Note: The amount specified by the SECP in respect of loan defaulter is Rs. 1 million (SRO 922 dated 17.9.2003)

j. Is engaged in the business of brokerage, or is a spouse of such person or is a sponsor, director or officer of a corporate brokerage house. However, such a person may become a director of a stock exchange.


(1) The remuneration of a director for performing extra services, including the holding of the office of chairman, shall be determined by the directors or the company in general meeting in accordance with the provisions in the company's articles. (2) The remuneration to be paid to any director for attending the meetings of the directors or a committee of directors shall not exceed the scale approved by the company or the directors, as the case may be, in accordance with the provisions of the articles.
On the date of the first annual general meeting of a company all directors of the company for the time being who are subject to election shall stand retired from office and thereafter all such directors shall retire on the expiry of the term laid down in section 180: Provided that the directors so retiring shall continue to perform their functions until their successors are elected: Provided further that the directors so continuing to perform their functions shall take immediate steps to hold the election of directors and in case of any impediment report the circumstances of the case to the registrar within fifteen days of the expiry of the term laid down in section 180.

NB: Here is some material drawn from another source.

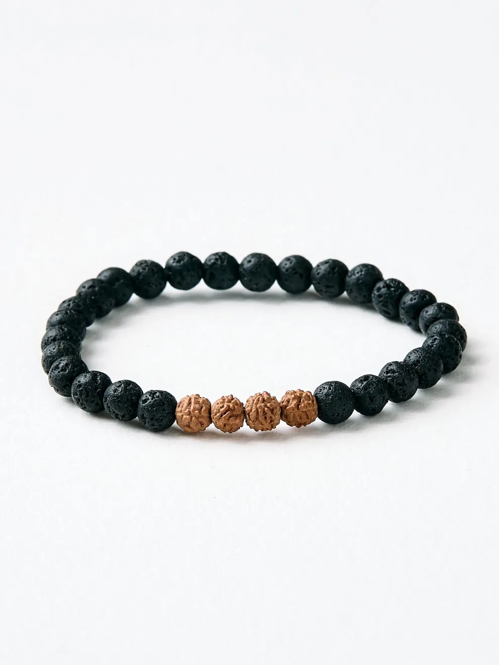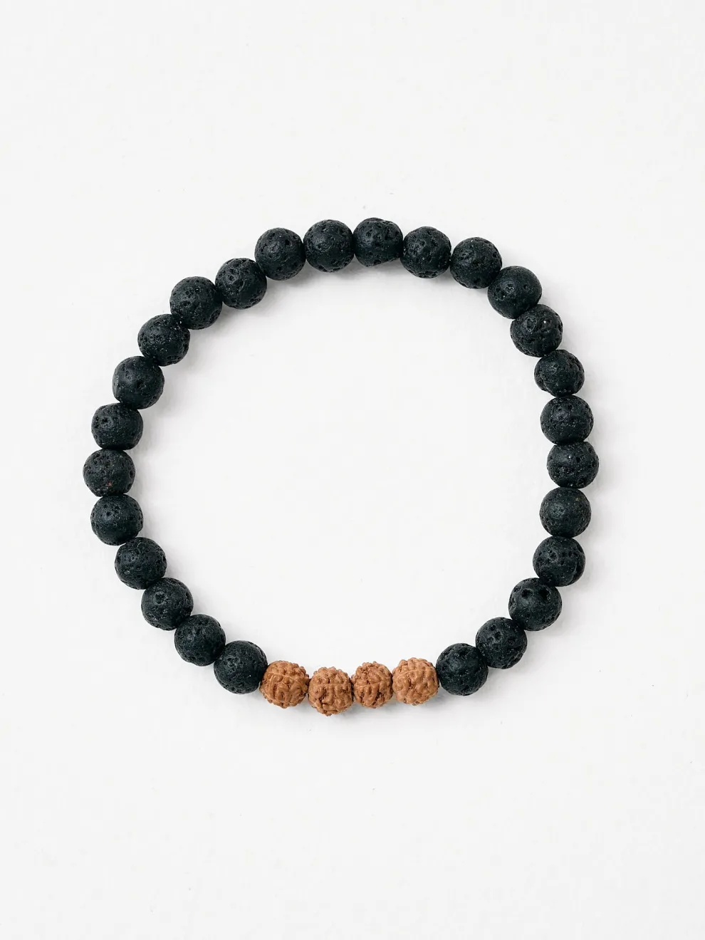 Lava stone is worn as a reminder of strength and clarity. The porous black rock is associated with emotional grounding and is connected with the root chakra.

A company may by resolution in general meeting remove a director before the expiry of his term: a) Who was appointed as first director by the subscribers to the memorandum under section 176 b) Who was appointed in a casual vacancy under section 180 c) Who was elected as director in the manner provided in section 178
The resolution for removing a director shall not be deemed to have been passed unless the number of votes cast in favor of such a resolution is not less than
(i) the minimum number of votes that were cast for the election of a director at the immediately preceding election of directors, if the resolution relates to removal of a director elected in the manner provided in sub-section (5) of section 178; or
(ii) the total number of votes for the time being computed in the manner laid down in sub-section (5) of section 178 divided by the number of directors for the time being, if the resolution relates to removal, of a director appointed under section 176 or section 180.
A director shall ipso facto cease to hold office if:
(a) he becomes ineligible to be appointed a director on any one or more of the grounds enumerated in clauses (a) to (h) of section 187;
(b) he absents himself from three consecutive meetings of the directors or from all the meetings of the directors for a continuous period of three months, whichever is the long, without leave of absence from the directors;
(c) he or any firm of which he is a partner or any private company of which he is a director -
(i) without the sanction of the company in general meeting accepts or holds any office of profit under the company other than that of chief executive or a legal or technical adviser or a banker; or
(ii) accepts a loan or guarantee from the company in contravention of section 195.